Opinion
No. 2D2023-1482
05-01-2024
LaMel Nathaniel Johnson, pro se.
Appeal pursuant to Fla. R. App. P. 9.141(b)(2) from the Circuit Court for Pinellas County; Susan St. John, Judge.
LaMel Nathaniel Johnson, pro se.
PER CURIAM.
LaMel Nathaniel Johnson appeals the dismissal of his Florida Rule of Criminal Procedure 3.850 motion for postconviction relief. The postconviction court dismissed the motion as untimely. Although this was error, we affirm because the postconviction court’s order also made clear that it found no merit to Mr. Johnson’s substantive arguments and attached portions of the record refuting his claim of ineffective assistance of counsel.
A jury found Mr. Johnson not guilty of murder in the second degree in case number 17-CF-1306. However, after receiving testimony during a three-day trial and violation of probation hearing, the trial court found that Mr. Johnson violated his probation in case number 16-CF-3930 by committing a homicide. Upon appeal, we per curiam affirmed the convictions and sentences. The mandate issued on October 22, 2019. Johnson v. State, 280 So. 3d 30 (Fla. 2d DCA 2019) (table decision).
[1] Mr. Johnson had two years from the issuance of the mandate to file a rule 3.850 motion for postconviction relief. See Fla. R. Crim. P. 3.850(b); Beaty v. State, 701 So. 2d 856, 857 (Fla. 1997) (holding that the two-year period for filing a motion for postconviction relief begins to run upon issuance of the direct-appeal mandate).
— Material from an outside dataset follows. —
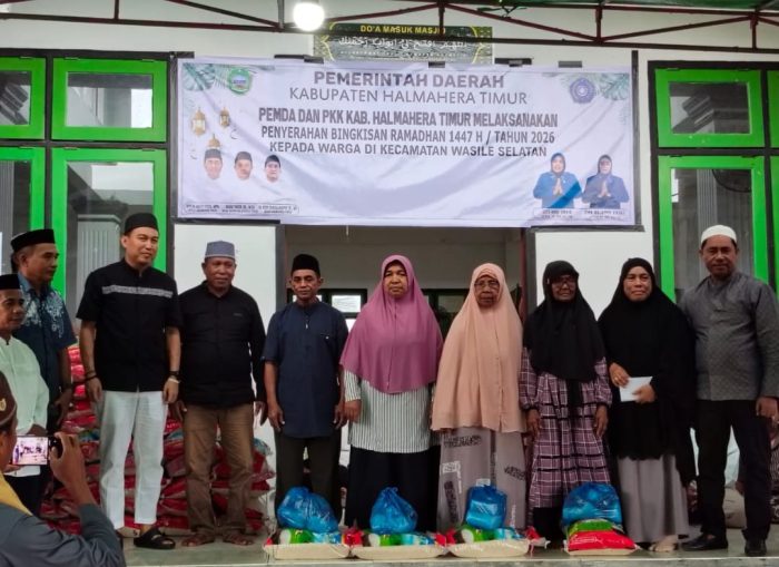 Bupati Ubaid Yakub bersama Sekretaris Daerah Kabupaten Halmahera Timur, Ricky Chairul Richfat, memimpin langs kegiatan Safari Ramadhan Pemerintah Kabupaten Halmahera Timur di Kecamatan Wasile Selatan, Minggu 22 Februari 2026.

Mr. Johnson filed two motions for extension of time to file a rule 3.850 motion, and the court granted them. Therefore, the deadline to file a rule 3.850 motion was June 8, 2022. On June 6, 2022, Mr. Johnson filed his motion for postconviction relief pursuant to rule 3.850. He also filed an amended motion on June 29, 2022, which appears identical to the first motion. The postconviction court dismissed the motions as untimely, despite the first motion being timely filed.
A pro se postconviction motion from an incarcerated movant is deemed to be filed when the inmate places it in the hands of prison officials for mailing. See Haag v State, 591 So. 2d 614, 617 (Fla. 1992).
[2] In his motions, Mr. Johnson alleged that counsel was ineffective for failing to "offer a proof challenge" or a timely objection to the sufficiency of the evidence adduced at the violation of probation hearing and for not objecting to the court considering evidence that had been presented at his trial. He also alleged that the trial court failed to inform him that it would be considering trial testimony as evidence in the revocation hearing.
First, the attachments to the postconviction court’s order reflect that the evidence presented at trial and a prior stand-your-ground immunity hearing was sufficient to sustain the trial court’s determination that Mr. Johnson violated his probation. See Gonzales v. State, 780 So. 2d 266, 267 (Fla. 4th DCA 2001) ("The fact that appellant was acquitted of aggravated battery by a jury does not mean that his probation could not be revoked based on the same facts.").
[3, 4] Next, the attachments to the postconviction court’s order reflect that counsel was aware that the trial and violation of probation hearing would be held simultaneously and consented to this procedure. "In the absence of stipulation or consent, the trial of the criminal case should not be construed as a probation revocation hearing but can be treated as such upon stipulation or consent made before or after the trial." State v. Spratling, 336 So. 2d 361, 364 (Fla. 1976).
[5] Finally, with regard to Mr. Johnson’s claim that the trial court considered inappropriate evidence at the VOP hearing, the postconviction court properly pointed out in its order that claims of trial court error are not cognizable in a rule 3.850 motion. See Arteaga v. State, 246 So. 3d 533, 536 (Fla. 2d DCA 2018).
Affirmed.
SLEET, C.J., and KELLY and SMITH, JJ., Concur.